━━━ EXERCISE DATA

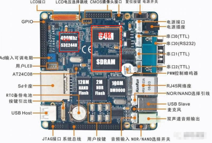 中间偏左上角是CPU,中间是RAM,然后还有ROM、网卡、串口、电源等。可以看出,嵌入式系统麻雀虽小,五脏俱全。
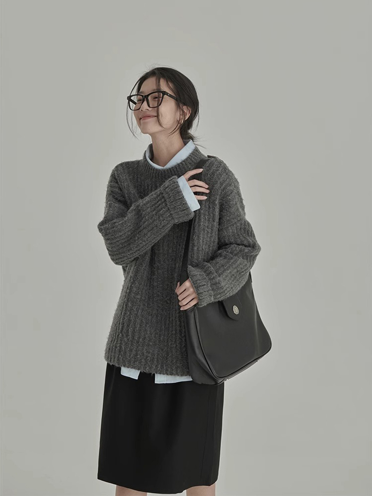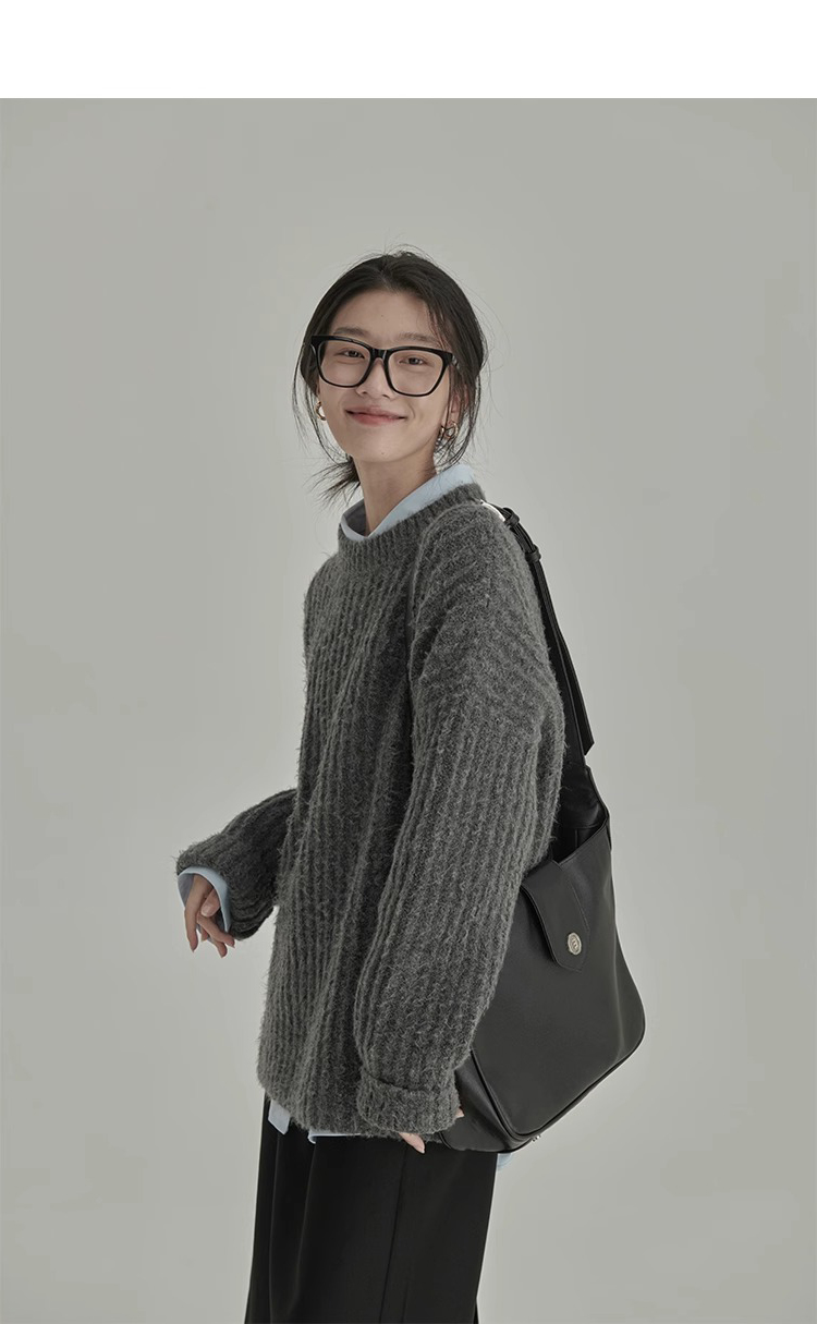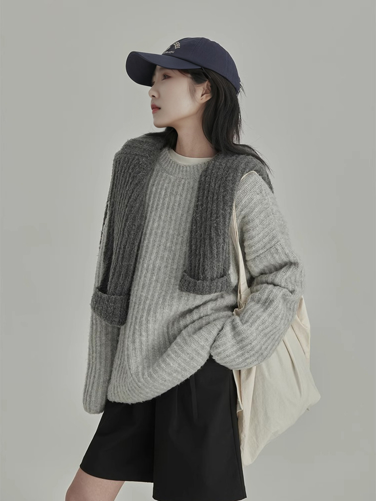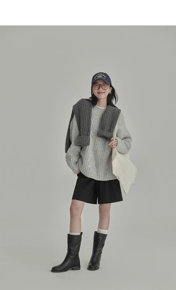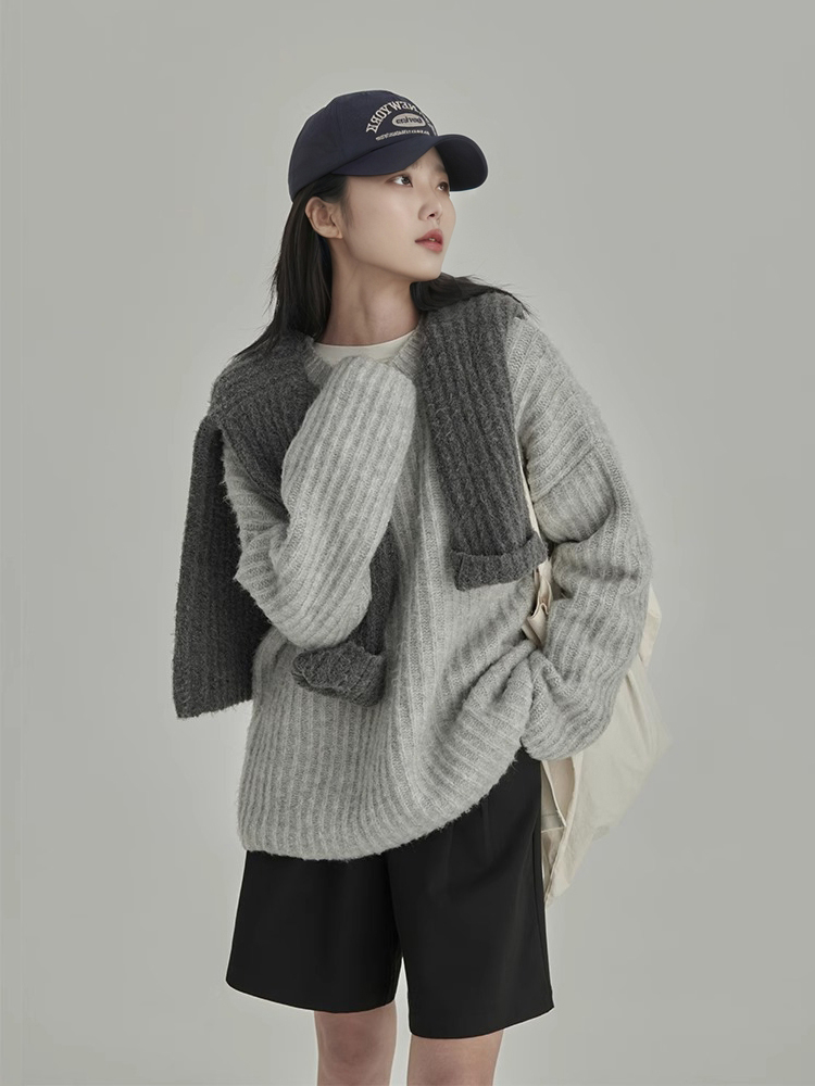 秋冬慵懶風坑條紋寬松加厚外穿套頭基礎款內搭復古針織衫毛衣女
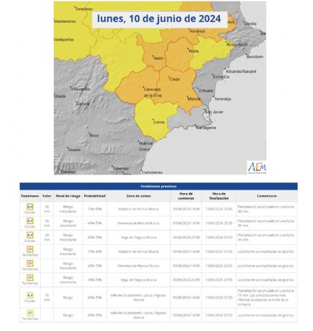 La AEMET actuliza la información sobre avisos de fenómenos meteorológicos adversos en la Región de Murcia.
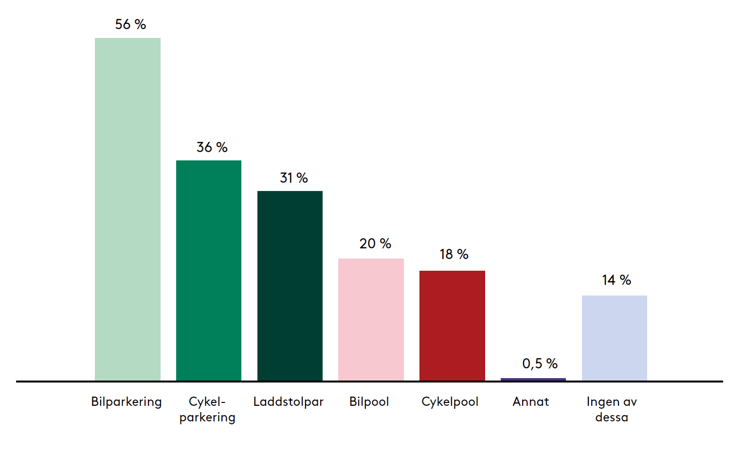Den pågående omställningen kring av hur vi förflyttar oss återspeglas även i årets undersökning. Transportrelaterade egenskaper som parkering för både bil och cykel, laddstolpar, bilpool och cykelpool har blivit viktigare för att ett kontor ska uppfattas som attraktivt. Tillgång till bilparkering är fortfarande nummer ett på önskelistan, och har ökat från 49 till 56 procent. Ju större företag, desto viktigare blir parkeringen och det är ingen större skillnad varken mellan olika åldersgrupper eller mellan storstäder och mindre orter. Många vill alltså fortfarande köra bil till kontoret, men de största rörelserna kring kontorets tillgänglighet handlar om hållbara transporter med cykel eller elbil alternativt genom bil- eller cykelpool. Efterfrågan på laddstolpar för elbil ökar med 41 procent i årets mätning. Önskan om cykelparkering går upp med 44 procent.
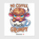 A funny and sarcastic colorful design showcases an adorable highland cow perched in an empty coffee cup. With a grumpy expression, big blue eyes, and brown fur, the cow adds a charming touch. The vibrant text reads, "No coffee much grumpy." This design is featured on a variety of products, making it a perfect gift for coffee enthusiasts.
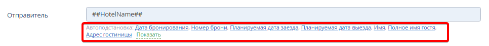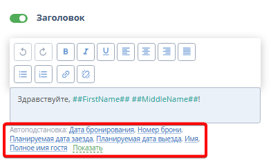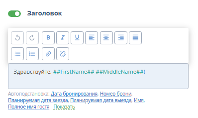 Пункт «Дополнительный текст» Относится к телу письма и содержит дополнительную информацию для гостя.
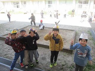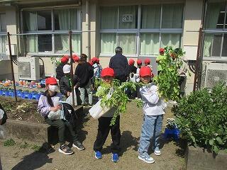 2年生 1組は収穫した野菜を分けて持って帰るため、みんなで話し合ったり、友達の分を取ってあげたりしていました。2組は手作りの帽子をかぶって大はしゃぎ。いろんな工夫を凝らしていてとっても楽しそうでした。
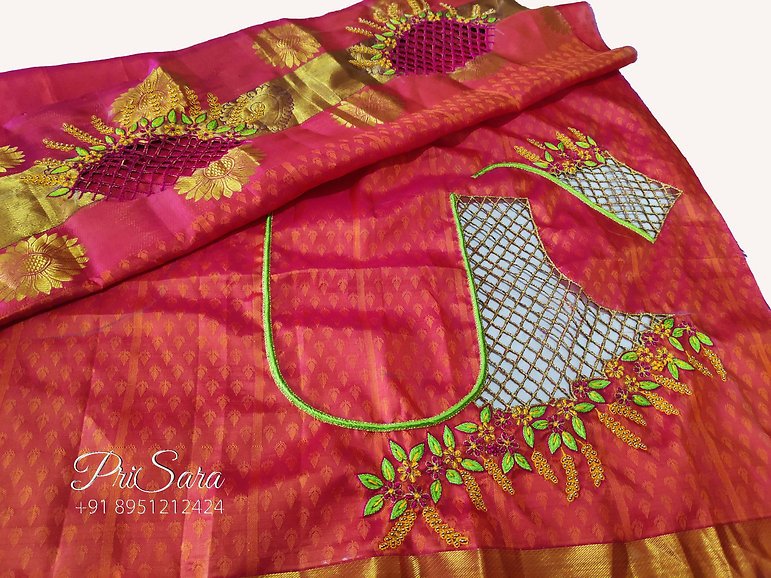 This is a cut-work design blouse, unstitched. The cut-work can be seen on one side of the blouse when fully stitched.
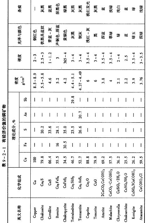 天然產出的含銅化合物即銅礦物總計有200余種,其工業價值及分布狀態各不相。常見的有工業價值的銅礦物大致有15種左右,如表9-2-1所列。由于銅具有強烈的親硫性,從巖漿源到次生富集帶的各個富集階段,銅的硫化物均占首要地位。在世界上有工業價值的銅礦石產量中,有80%的銅礦物是屬于硫化物,而其中大部分是輝銅礦,其余為黃銅礦、斑銅礦、黝銅礦和藍銅礦。自然銅產量僅占10%。其余的5%為氧化物,如孔雀石,藍銅礦,硅孔雀石,水膽礬,氯銅礦等。
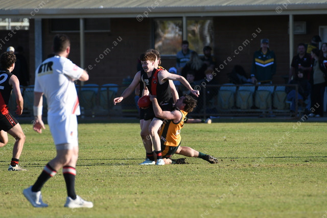 Pecker Thomas Michael hangs onto Bomber Angus Judd. (494057)
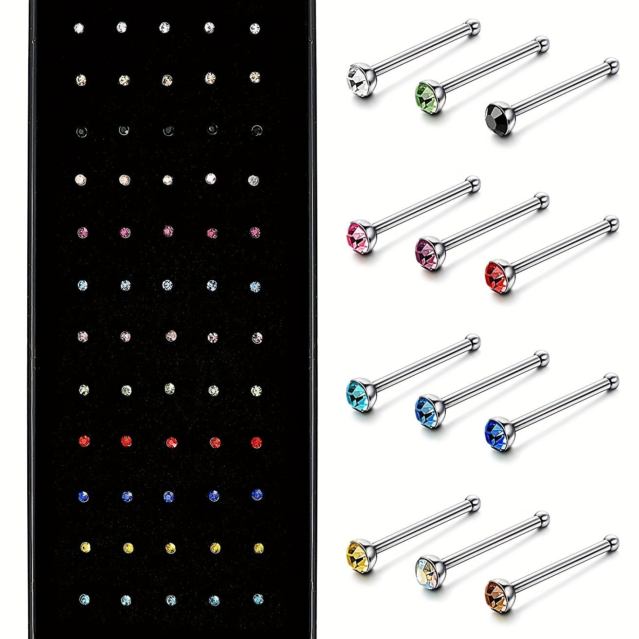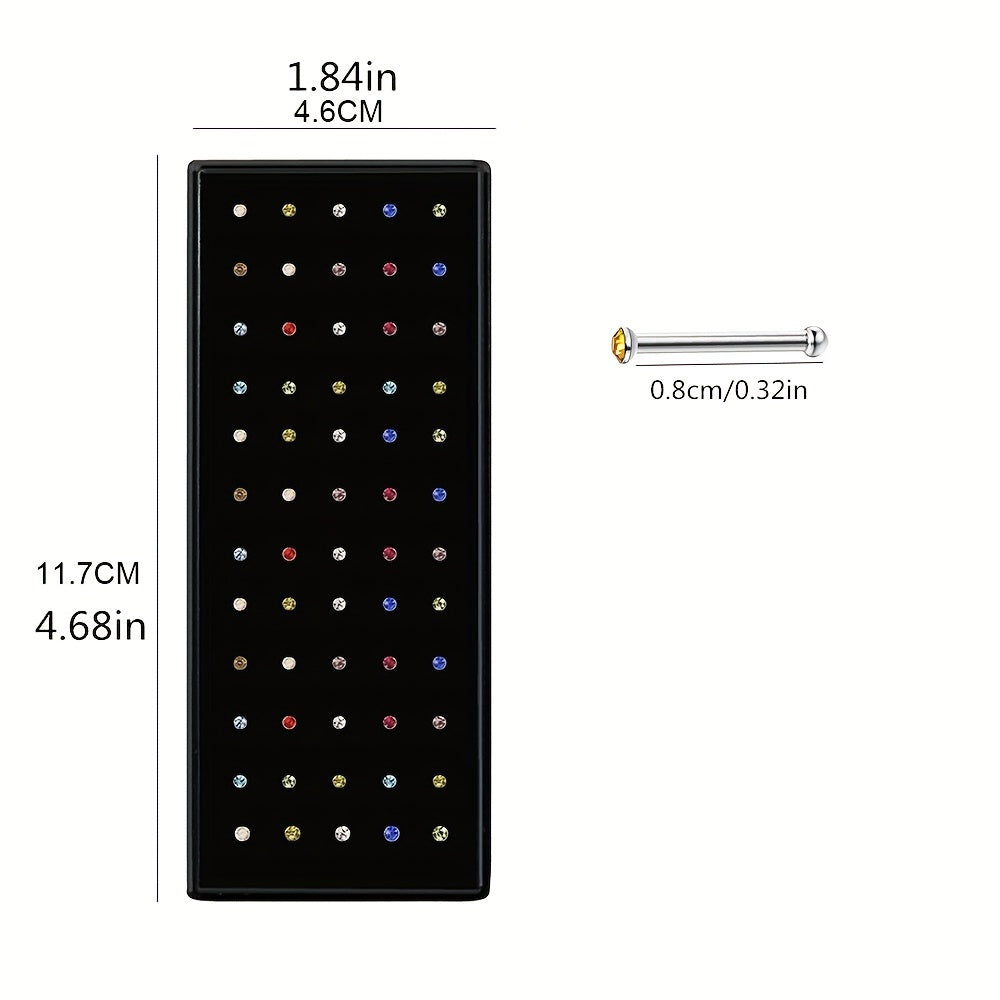 60pcs Stainless Steel Nose Stud Ring Set Body Piercing Jewelry
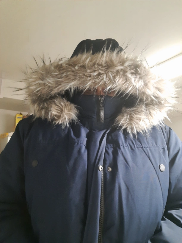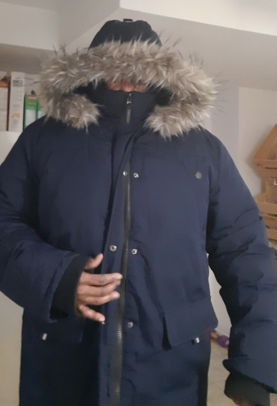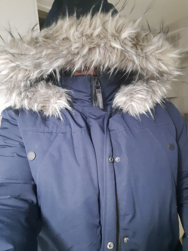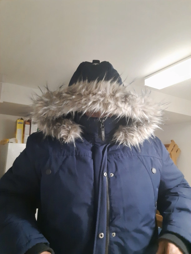 Men's winter jacket with a faux fur hood that can be adjusted. Blue in color. Worn for 1 month. It's very clean , extremely warm, and in excellent condition.
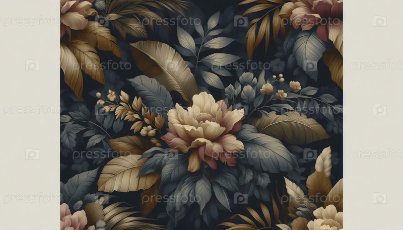 Ботанический шаблон темно-синий горчичный розовый ткань цветочная печать, Ai generated image
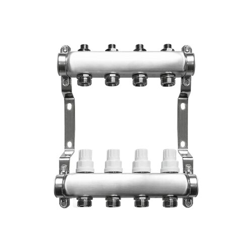 Колектор SD Plus 1" 2 виходи SD0052 з термостатичними та регулювальними клапанами виконує функцію розподілу теплоносія. Різьба під’єднання до системи — внутрішня (один дюйм), для приєднання контурів — зовнішня (три чверті дюйма). Матеріал виготовлення колекторних балок — нікельована нержавіюча сталь.
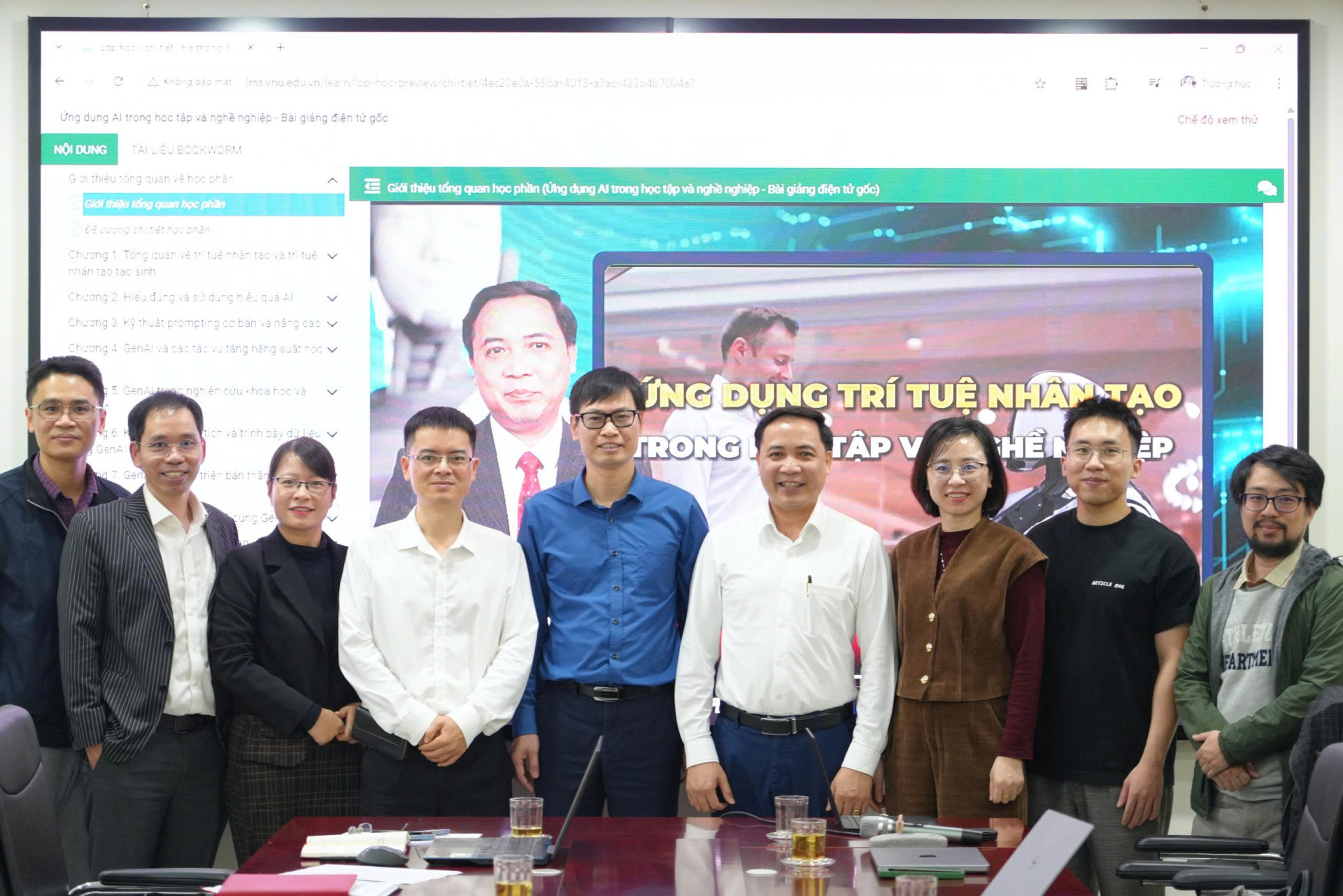 PGS.TS Đỗ Văn Hùng, Trưởng Khoa TT-TV, Trưởng nhóm biên soạn (áo trắng) báo cáo kết quả xây dựng bài giảng MOOC “Ứng dụng trí tuệ nhân tạo trong học tập và nghề nghiệp”

━━━━━━

**WORK ORDER**
Using the data above, return the lines from the one holding "La AEMET actuliza" through the one holding "A funny and" exactly, but not the pictures.

**FINAL ANSWER**
 La AEMET actuliza la información sobre avisos de fenómenos meteorológicos adversos en la Región de Murcia.
Den pågående omställningen kring av hur vi förflyttar oss återspeglas även i årets undersökning. Transportrelaterade egenskaper som parkering för både bil och cykel, laddstolpar, bilpool och cykelpool har blivit viktigare för att ett kontor ska uppfattas som attraktivt. Tillgång till bilparkering är fortfarande nummer ett på önskelistan, och har ökat från 49 till 56 procent. Ju större företag, desto viktigare blir parkeringen och det är ingen större skillnad varken mellan olika åldersgrupper eller mellan storstäder och mindre orter. Många vill alltså fortfarande köra bil till kontoret, men de största rörelserna kring kontorets tillgänglighet handlar om hållbara transporter med cykel eller elbil alternativt genom bil- eller cykelpool. Efterfrågan på laddstolpar för elbil ökar med 41 procent i årets mätning. Önskan om cykelparkering går upp med 44 procent.
 A funny and sarcastic colorful design showcases an adorable highland cow perched in an empty coffee cup. With a grumpy expression, big blue eyes, and brown fur, the cow adds a charming touch. The vibrant text reads, "No coffee much grumpy." This design is featured on a variety of products, making it a perfect gift for coffee enthusiasts.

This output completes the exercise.